Published on March 16, 2000

I made $14 selling my used panties on eBay. See, I got curious about the ”panty people,“ as I‘ve dubbed them, who pawn off their worn undergarments in the adult section of the online auction house. (It was a few Weekly editors, incidentally, who first put me on to the sellers -- and they claim to be ”working“ in there with their doors shut!) So I joined the ranks of auctioneers one morning to see how it all worked and who -- if anyone -- would actually cough up hard-earned cash for my old undies. Turns out, not too many. But other panty peddlers were more successful. Six hundred and one this day, to be exact -- more than the Grateful Dead Beanie Bear and A-Team action-figure hawkers combined. And used lingerie is just one of thousands of adult products being flogged on eBay each day.

Beneath the squeaky-clean veneer of the Web site that set out in 1995 with the wholesome intention of unloading Pez dispensers lies a thriving multimillion-dollar backroom business in off-color merchandise. While eBay insists that adult sales represent less than 1 percent of its overall transactions, online porn and auction experts put the percentage higher, somewhere between 1 percent and 5 percent. With eBay’s gross revenue at roughly $2.8 billion a year, that means up to $140 million in extra cash from Hello Kitty vibrators, remote-control butt plugs and the like.
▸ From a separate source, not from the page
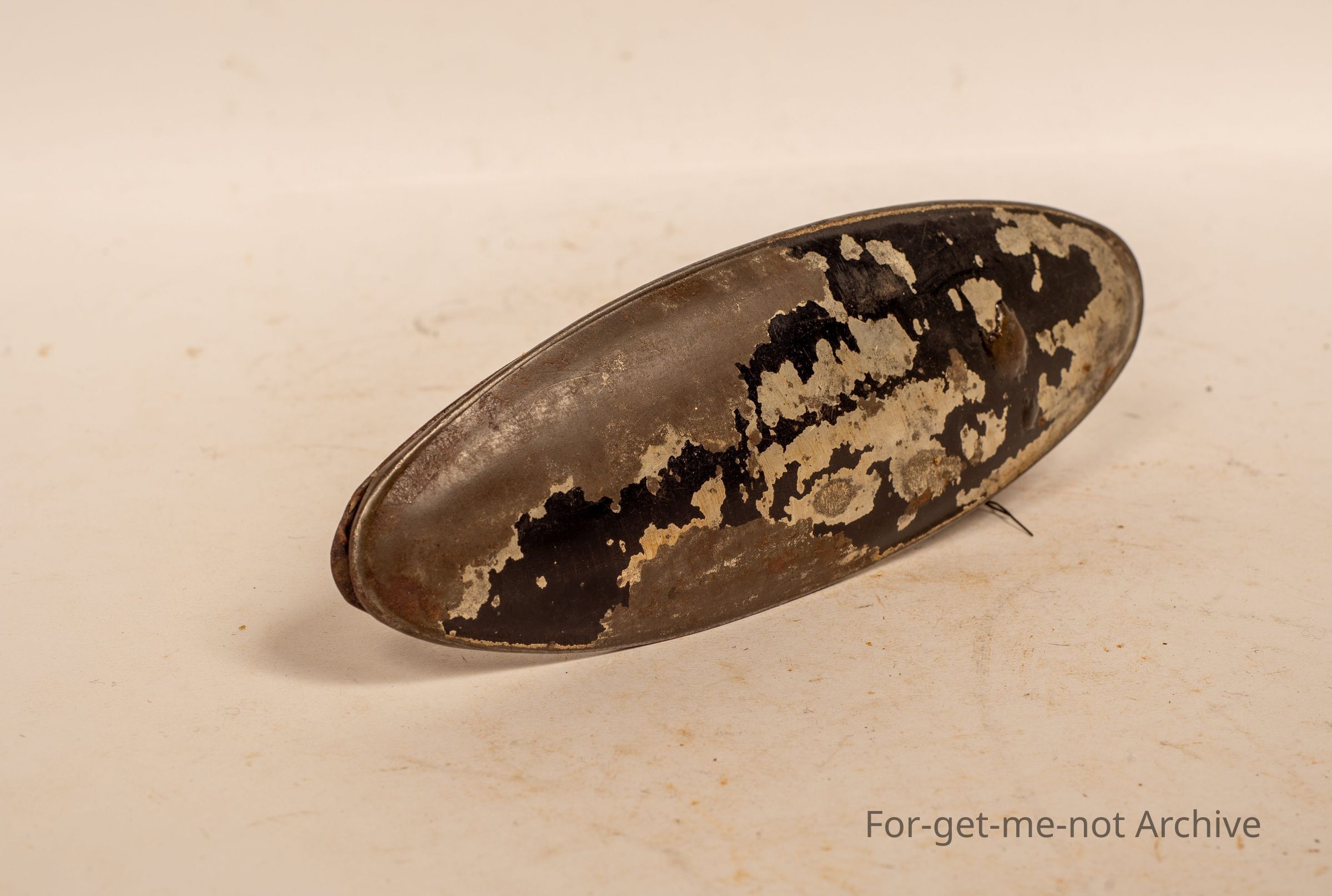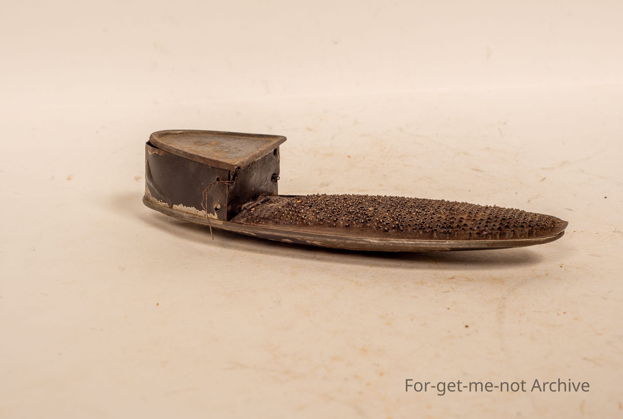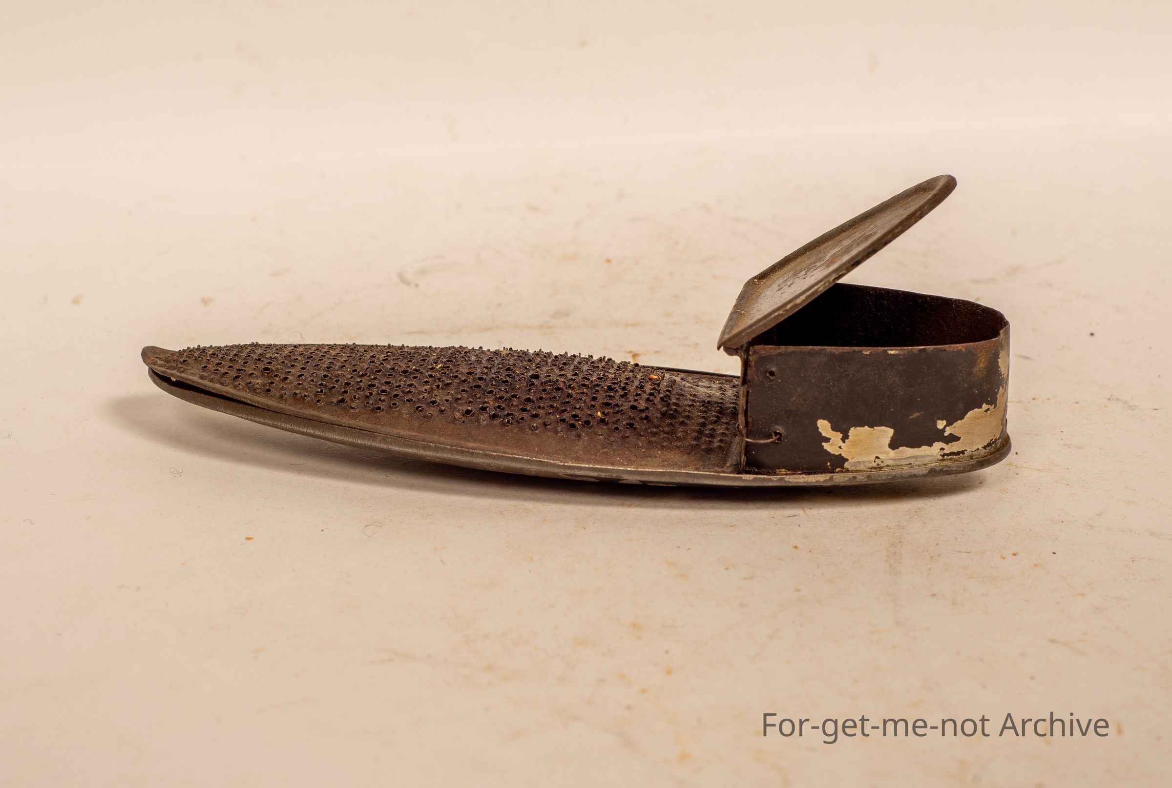 Is a tin boat shaped nutmeg grater. The sieve the boat shape under the sieve catches the ground nutmeg and the nutmeg container is in the end.

”If [the adult section] were a Web site alone, it would be considered quite successful, judging from the amount of activity it gets,“ says Mark Dodd, co-founder of AuctionWatch, a San Bruno--based company that tracks online auctions.

EBay denies actively facilitating the adult section‘s growth. Dan MacKeigan, a senior Internet analyst at Friedman, Billings, Ramsey & Co. Inc. who has shadowed eBay closely, believes the company is embarrassed by its adult site. ”Especially now that they have a partnership with Disney,“ he says, referring to the co-branded site eBay.go.com announced February 8 as a way to auction Disney merchandise. ”They don’t make [adult merchandise] easy to find.“

Still, eBay certainly hasn‘t overlooked the fiscal promise of its X-rated category. Offerings are expanding so fast, many sellers report doubling their profits yearly. And while these sales haven’t exactly rocked the porn industry, Frederick S. Lane, author of Obscene Profits, a study of pornography in the cyber age, feels eBay is quickly displacing adult bookstores as the favored spot to buy used men‘s magazines. Lane also notes that eBay is part of the broader $2 billion adult e-commerce boom that ”has wiped out at least half of the existing adult mail-order sales over the last three years.“

EBay points out that the company maintains taste standards (used undergarments must be washed and stain-free) and keeps children away by requiring a credit card to access adult auctions. But with 10.35 million different visitors monthly, according to Media Metrix (the leading Internet-use tracking firm), eBay staff concedes it’s near impossible to monitor all auctions. Nor would a company that bills itself as ”the world‘s leading person-to-person online trading community“ want to play Big Brother, preferring to rely on customer complaints to police the action. ”We have 4,300 categories and half a million items added daily. We can’t possibly monitor every item,“ says eBay spokesman Kevin Pursglove. ”And we don‘t want to. The idea is to have the users manage the system.“

But, as one marketing director at an established adult-video distributor puts it: eBay has ”become so large, it’s impossible to police. Once you learn the tricks of the trade, you can get away with a lot.“ And so the little ”adult suburb,“ to some extent, is running itself, and users are making -- and breaking -- the rules.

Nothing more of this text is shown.